» Required action: From the line containing "LSTM 架构。图片取自 MIT" to the final line of the entries, copy each line exactly. Pictures stay out.

•••

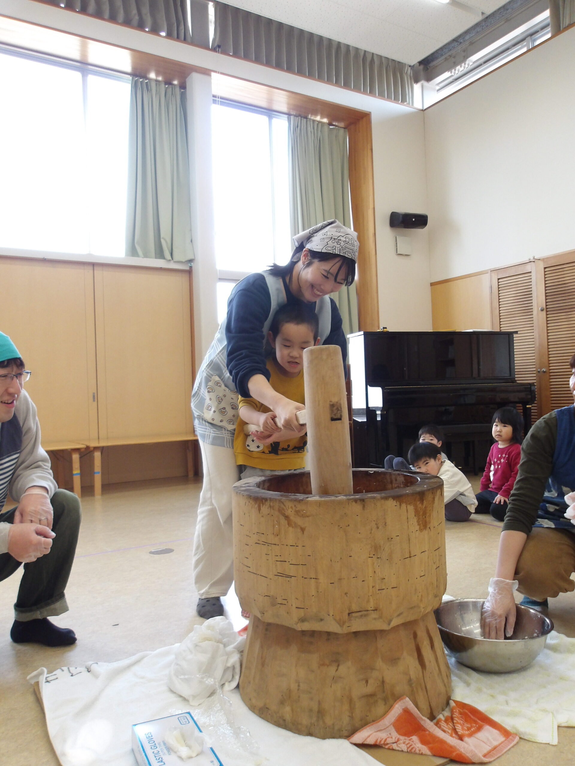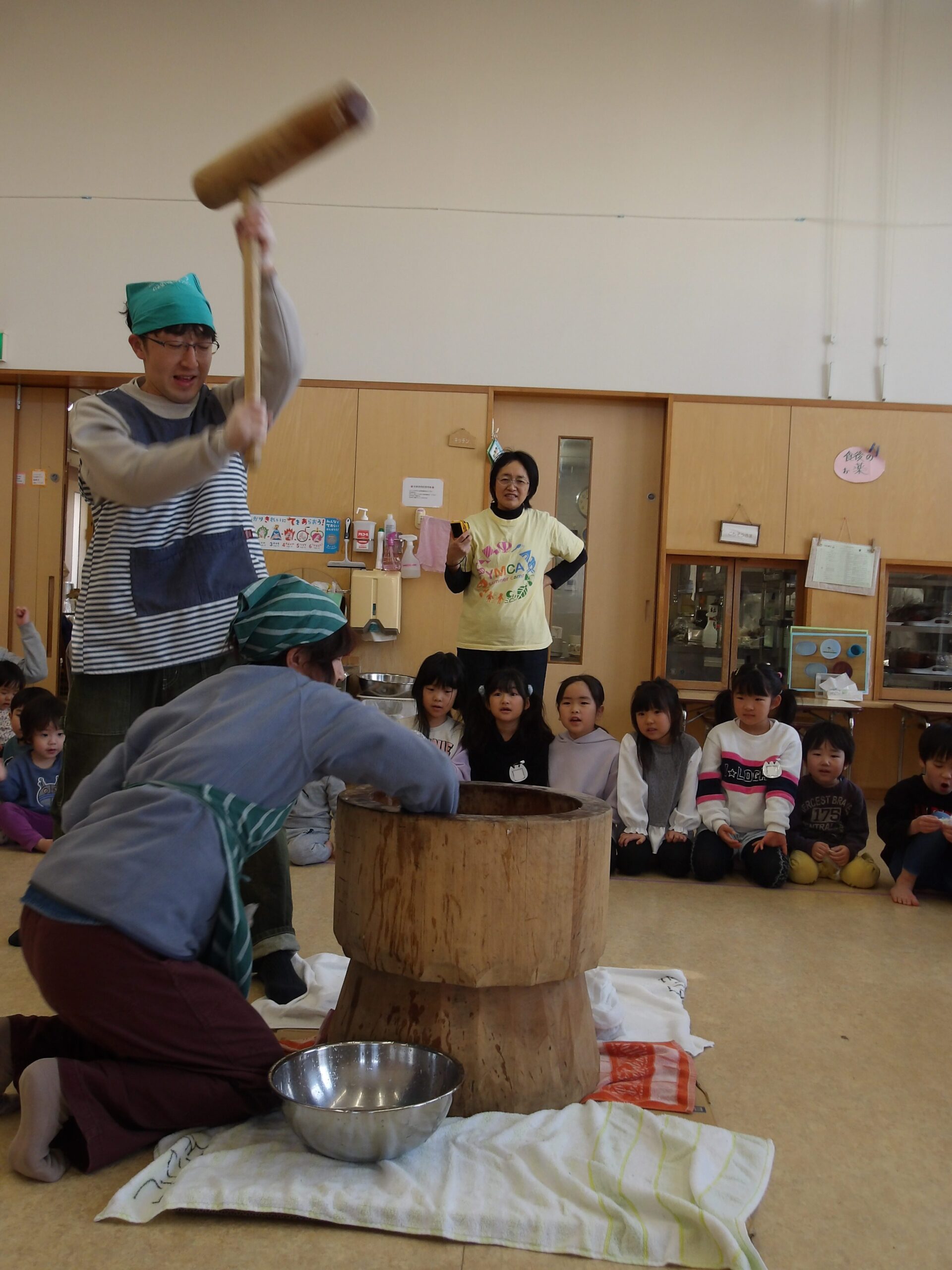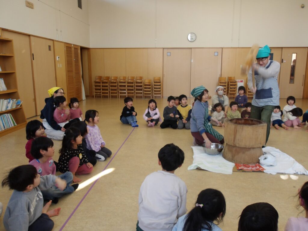 乳児さんも幼児さんもみんなホールに集まり、もちつき会のスタートです!
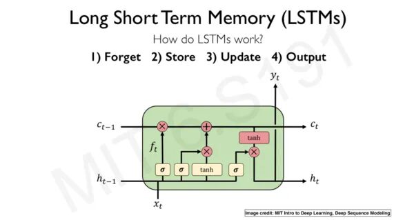 LSTM 架构。图片取自 MIT 的课程《6.S191 Introduction to Deep Learning》 LSTM 处理长序列的能力使其成为适合各种序列任务的神经网络架构,例如文本分类、情感分析、语音识别、图像标题生成和机器翻译。
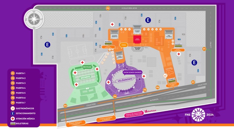 La puerta 1 está ubicada en calle 7, a metros se encuentra la boletería C que permite el ingreso al público general a la feria y conecta con el escenario local La Peña.
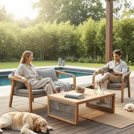 Salon extérieur en teck massif et corde Olefin - SBH3
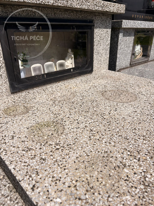 Na fotografiích můžete vidět stav urnového hrobu před a po našem zásahu. Provedli jsme kompletní čištění mramorových i žulových částí, odstranili nečistoty, mech a usazeniny. Součástí práce bylo také důkladné vyčištění prosklené vitríny, aby opět vynikla její původní čistota a lesk.

•••

» Response to this exercise:
 LSTM 架构。图片取自 MIT 的课程《6.S191 Introduction to Deep Learning》 LSTM 处理长序列的能力使其成为适合各种序列任务的神经网络架构,例如文本分类、情感分析、语音识别、图像标题生成和机器翻译。
 La puerta 1 está ubicada en calle 7, a metros se encuentra la boletería C que permite el ingreso al público general a la feria y conecta con el escenario local La Peña.
 Salon extérieur en teck massif et corde Olefin - SBH3
 Na fotografiích můžete vidět stav urnového hrobu před a po našem zásahu. Provedli jsme kompletní čištění mramorových i žulových částí, odstranili nečistoty, mech a usazeniny. Součástí práce bylo také důkladné vyčištění prosklené vitríny, aby opět vynikla její původní čistota a lesk.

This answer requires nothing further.